Пришло мне в Голову пойти помыться (я слышал, что баням — по-гречески они называются «прогонять скорбь»- дано такое название, потому что они изгоняют из души тоску). Исповедую и это Тебе, Отец сирых: я вымылся и остался в том же состоянии, как и до мытья. Из сердца моего не выпарилась горечь скорби. Затем я заснул, проснулся; нашел, что боль моя значительно смягчилась: я был в одиночестве на ложе своем и вспомнил правдивые слова Твоего Амвросия, ибо Ты

Всего Создатель, Господи, Ты, Небесами правящий, Одевший день сиянием Ночи покой дарующий: Пусть тело отдохнувшее Вновь за работу примется. Вздохнет душа усталая, Утихнет скорбь жестокая.

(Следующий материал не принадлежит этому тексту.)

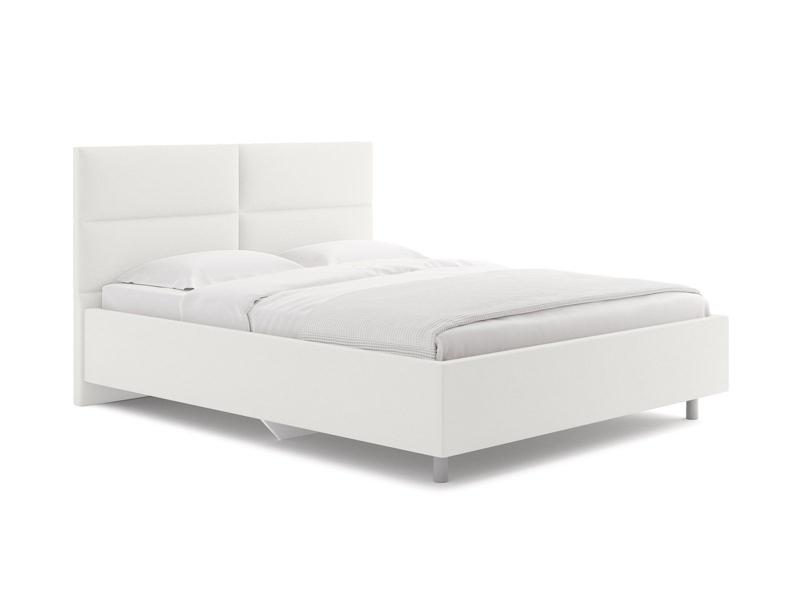 Лаконичная модель с изголовьем из объемных прямоугольников, сшитых между собой. Царги кровати выполняются по технологии съемного чехла. Модель изготовлена из ДСП. Обратная сторона изголовья обита спандбондом, но, при желании, её можно выполнить из основного обивочного материала.

33. А затем постепенно вернулось прежнее чувство: вспомнил слугу Твою, ее благочестие, ее святую ласковость и снисходительность, которой вдруг лишился, и захотелбсь мне плакать «пред лицом Твоим» о ней и для нее, о себе и для себя. Я дал волю слезам, которые сдерживал: пусть льются, сколько угодно. Словно на мягком ложе успокоилось в них сердце мое, ибо уши Твои слушали плач мой, его не слышал человек, который мог бы пренебрежительно истолковать его. И теперь, Господи, Тебе пишу я эту исповедь. Пусть читает, кто хочет, и истолковывает, как хочет, и если найдет, что я согрешил, плача краткий час над своей матерью, над матерью, временно умершей в очах моих и долгие годы плакавшей надо мной, чтобы мне жить в очах Твоих, — пусть он смеется надо мной, но если есть в нем великая любовь, пусть заплачет о грехах моих перед Тобой, Отцом всех братьев во Христе Твоем.